Is it ok to rename webm (audio-only) files to .opus?

For .webm files obtained with youtube-dl-f bestaudio containing no video stream, is it preferable to run ffmpeg -i input.webm -vn -c:a copy output.opus or can one simply rename the source file, changing the extension?

I mean, the audio stream is clearly the same, but regarding the metadata, is there disadvantage in the second approach?

[Update] I checked metadata with mediainfo. Even if I save the ffmpeg output to .webm (by running ffmpeg -i input.webm -vn -c:a copy output.webm), the metadata differs.

Notice the new entry called "Bit depth":

comparison webm input and webm output with mediainfo GUI

And for the record, this is the .opus result:

opus output of mediainfo GUI

I'd like a canonical answer on whether there's something in the container definition that identifies it as a "pure audio" file as opposed to a audio/video file, something that is handled correctly only by "re-wrapping" the stream in a new container file.
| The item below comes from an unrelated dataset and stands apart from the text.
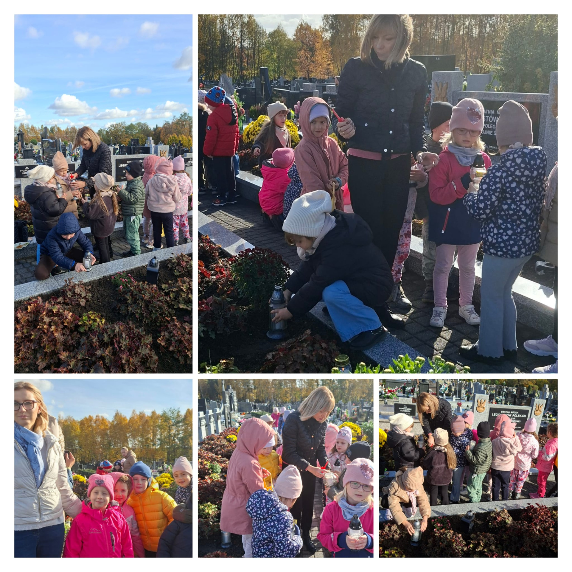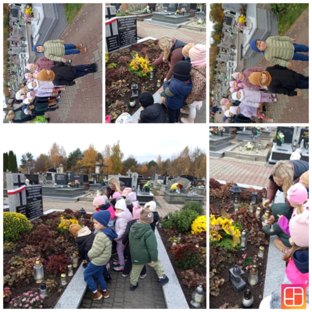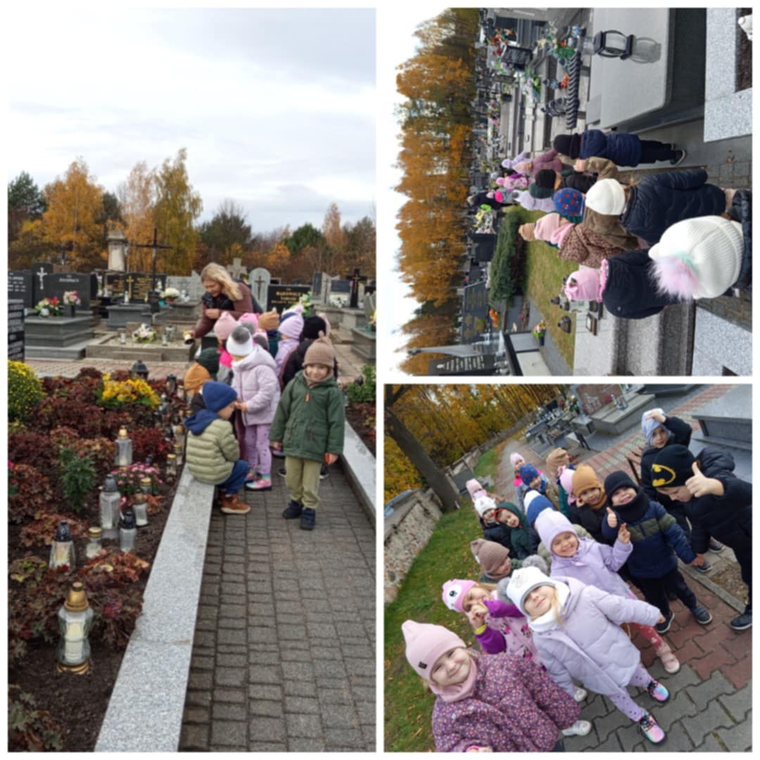W dniach 29 oraz 30 października 2025 roku nasze przedszkolaki wybrały się na spacer na cmentarz parafialny, aby oddać hołd i zapalić znicze na grobach żołnierzy, powstańców, ofiar terroru hitlerowskiego, a także pracowników przedszkola i swojej koleżanki uczęszczającej niegdyś do grupy „Wiewiórki”.

WebM is a subset of Matroska, which is a container format for multimedia data. Opus is an audio format (an audio codec), which is usually stored inside an Ogg container, but can also be stored inside a Matroska container or a WebM container.

When an Opus audio track is stored in an Ogg container, the file name suffix is usually '.opus' (but when a Vorbis audio track is stored in an Ogg file, the suffix is usually '.ogg')

If you change the file name suffix (from '.webm' to '.opus'), the data inside the file will stay the same.

What I usually do to extract the audio track from a webm file is:

mkvextract file/path.webm tracks 0:file/path.opus

Note that 'file/path.opus' will be an Ogg container with Opus format (if that's what the WebM contained).

mkvextract can be obtained by installing package 'mkvtoolnix-cli' in ArchLinux, for instance.